Processed 100 / 100 qual values for qual
We can look at the result e.g. using R:
data = read.csv('snv_precisionrecall.csv')
head(data)=>
X field qual tp fp fn tp_filtered fp_filtered na
1 0 qual 0.3460096 1928415 6076 9847 9847 6100 68868
2 1 qual 0.1508784 1935279 8362 2983 2983 3814 98211
3 2 qual 0.1150540 1936334 9213 1928 1928 2963 107510
4 3 qual 0.7410711 1898631 3456 39631 39631 8720 37226
5 4 qual 0.9300044 1806764 2069 131498 131498 10107 16868
6 5 qual 0.8391139 1870848 2878 67414 67414 9298 27255
na_filtered precision recall fracNA
1 107665 0.9968591 0.9949197 0.034376265
2 78322 0.9956978 0.9984610 0.048098981
3 69023 0.9952646 0.9990053 0.052365814
4 139307 0.9981830 0.9795533 0.019195457
5 159665 0.9988562 0.9321567 0.009239191
6 149278 0.9984640 0.9652194 0.014337334
... or make a plot like this:
library(ggplot2)
ggplot(data, aes(x=recall, y=precision, color=field)) +
geom_point() + theme_bw()
ggsave("snv.png", width=4, height=3, dpi=120)
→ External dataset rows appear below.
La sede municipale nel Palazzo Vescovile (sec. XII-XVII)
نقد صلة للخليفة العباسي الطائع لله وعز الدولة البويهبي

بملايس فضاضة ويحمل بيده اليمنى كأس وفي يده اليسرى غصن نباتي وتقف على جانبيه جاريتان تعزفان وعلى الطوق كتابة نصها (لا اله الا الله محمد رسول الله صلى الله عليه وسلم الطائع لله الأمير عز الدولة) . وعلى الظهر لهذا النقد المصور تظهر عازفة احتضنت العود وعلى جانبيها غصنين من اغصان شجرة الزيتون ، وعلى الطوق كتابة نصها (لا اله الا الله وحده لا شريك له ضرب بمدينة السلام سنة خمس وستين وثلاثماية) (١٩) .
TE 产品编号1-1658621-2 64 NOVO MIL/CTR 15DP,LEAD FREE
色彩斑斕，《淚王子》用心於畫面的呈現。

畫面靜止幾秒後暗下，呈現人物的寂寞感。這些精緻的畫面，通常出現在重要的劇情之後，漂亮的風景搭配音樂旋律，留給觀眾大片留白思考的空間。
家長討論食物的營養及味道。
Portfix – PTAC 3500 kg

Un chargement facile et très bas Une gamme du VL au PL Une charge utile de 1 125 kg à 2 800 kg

The scored test data can also be used to generate a QQ plot and calibrate the model, so that reported EVS scores (GQX values) will correspond roughly with phred-scale precision:
python ${STRELKA_INSTALL_PATH}/share/scoringModelTraining/germline/bin/evs_qq.py \
--output snv_qq.csv \
--calibration snv_calibration.json \
snv_classified.csv
This produces a CSV output file that can be used to plot binned empirical precision vs uncalibrated or calibrated EVS scores, as well as a JSON calibration file that can be used to apply the inferred calibration when exporting the model (Step 6).
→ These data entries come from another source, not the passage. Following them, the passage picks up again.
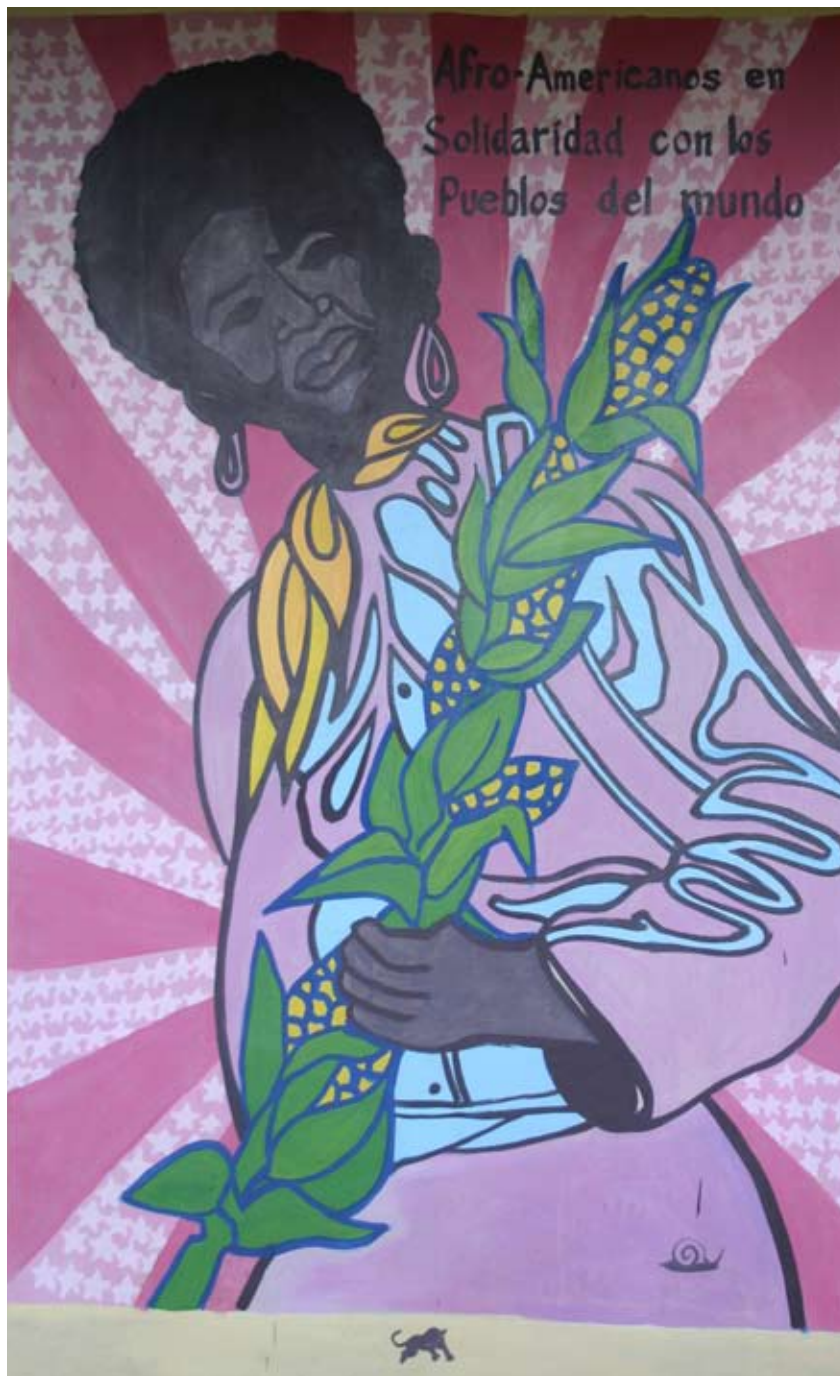
Imagen icónica de Pantera Negra artista Emory Douglas, recreado como un mural en territorio Zapatista, Chiapas, México.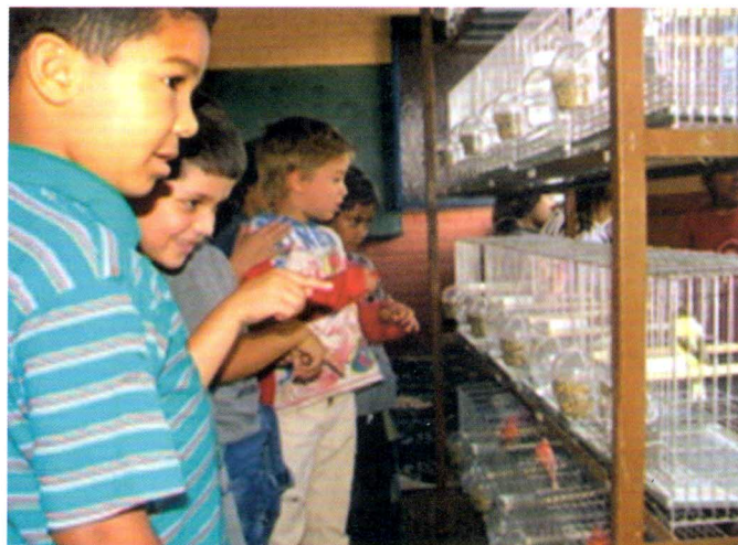
Projeto Canário, o pássaro de estimação – apresentação da canaricultura em escolas da região, em 2008, em Ceilândia, DF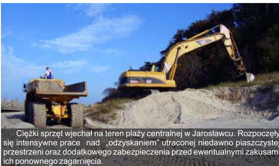
Ciężki sprzęt wjechał na teren plaży centralnej w Jarosławcu. Rozpoczęły się intensywne prace nad „odzyskaniem” utraconej niedawno piaszczystej przestrzeni oraz dodatkowego zabezpieczenia przed ewentualnymi zakusami ich ponownego zagarnięcia.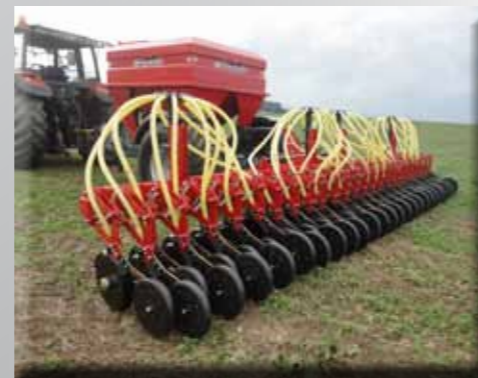
Semoir 6m.Hornet avec Air Cart Trailer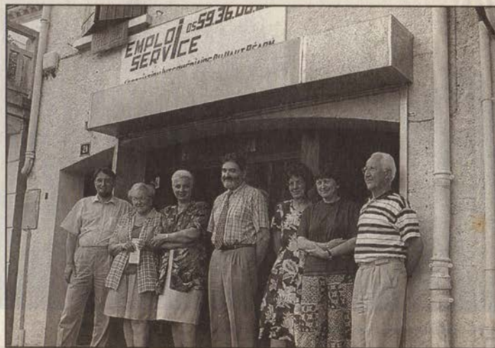
"Emploi Service" : une équipe de bénévoles, à l'écoute des demandeurs d'emploi.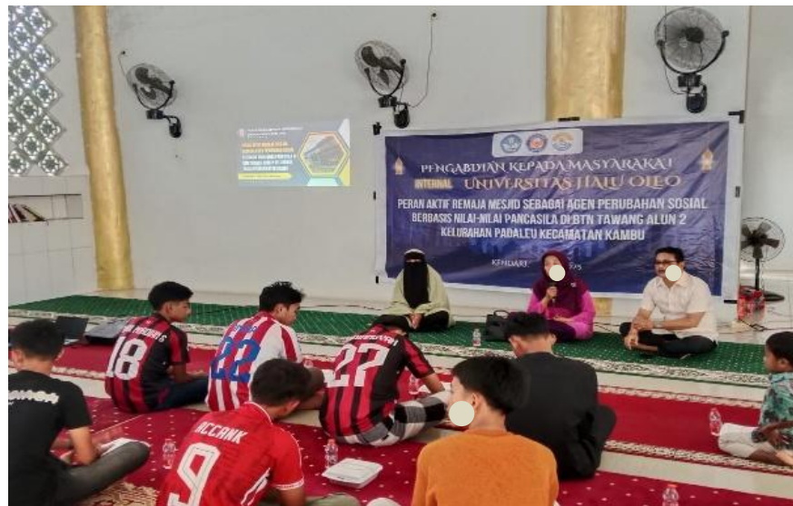
Gambar 1. Pelaksanaan Workshop dan Diskusi Remaja Masjid

Berdasarkan hasil evaluasi pascakegiatan, capaian program dapat dilihat pada aspek pemahaman nilai-nilai Pancasila, persepsi terhadap kualitas materi, dan relevansi pelatihan terhadap kebutuhan organisasi remaja masjid. Data kuesioner dari 21 responden menunjukkan bahwa sebanyak 76,2% peserta menyatakan materi tentang internalisasi nilai-nilai Pancasila sangat bermanfaat dan 23,8% menyatakan bermanfaat. Pada butir kejelasan pemateri dalam menjelaskan peran strategis remaja masjid sebagai agen perubahan sosial, 81% responden memberikan penilaian sangat bermanfaat dan 19% bermanfaat. Sementara itu, pada butir mengenai relevansi materi pelatihan perancangan program kerja, 90,5% responden menyatakan sangat bermanfaat dan 9,5% menyatakan bermanfaat. Data tersebut menunjukkan bahwa peserta menerima kegiatan secara sangat positif dan menilai bahwa materi yang diberikan sesuai dengan kebutuhan nyata organisasi remaja masjid. Secara lebih mendalam, temuan ini juga mengindikasikan bahwa persoalan utama mitra bukan sekadar kurangnya pengetahuan normatif, tetapi juga keterbatasan dalam menghubungkan nilai dengan kebutuhan praksis organisasi.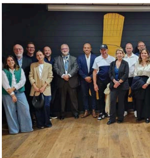
Une mission économique porteuse à Lyon

Strelka uses models in JSON format, which can be produced from the model pickle file and (optionally) the calibration file as follows:
python ${STRELKA_INSTALL_PATH}/share/scoringModelTraining/germline/bin/evs_exportmodel.py \
--classifier snv_model.pickle \
--output germlineSNVScoringModel.json \
--calibration snv_calibration.json \
--varianttype SNV \
--threshold 3
Note that the EVS score threshold for the variant type in question can also specified.
To use in Strelka, point it to the new model files by adding
--snvScoringModelFile germlineSNVScoringModel.json \
--indelScoringModelFile germlineIndelScoringModel.json
to the options supplied to configureStrelkaGermlineWorkflow.py.
Note that if the model's feature set has been changed, additional steps are required to use this file in Strelka. This operation is outside of user guide scope at present.
For RNA-Seq models, the following additional options are recommended for parseAnnotatedTrainingVcf (Step 1c):
--suppressGTMismatch labels candidate variants as correct if the allele agrees with the truth set but the genotype does not (by default, genotype mismatch causes variants to be labeled as incorrect).
--discardFNs omits false negative variants from the training and test sets. This means that reported recall will be relative to the set of candidate variants rather than reflective of Strelka's overall recall.
--removeRNAEditing labels variants that potentially arose via RNA editing (A->G and T->C changes) as having unknown truth status (the truth set is based on DNA, so will be incorrect where RNA editing occurs).
Current practice for RNA-seq model training (Step 2) is to use the --balance option (downsamples the positive or negative training samples so as to use an equal number of both).
For evaluating precision and recall (Step 4), the --stratifyByCoverage option is useful to output results for low-coverage (AD1<3) and high-coverage (AD1>=3) variants, as the majority of candidate RNA SNVs have low coverage.
Finally, evs_exportmodel (Step 6) must be run with --calltype RNAseq.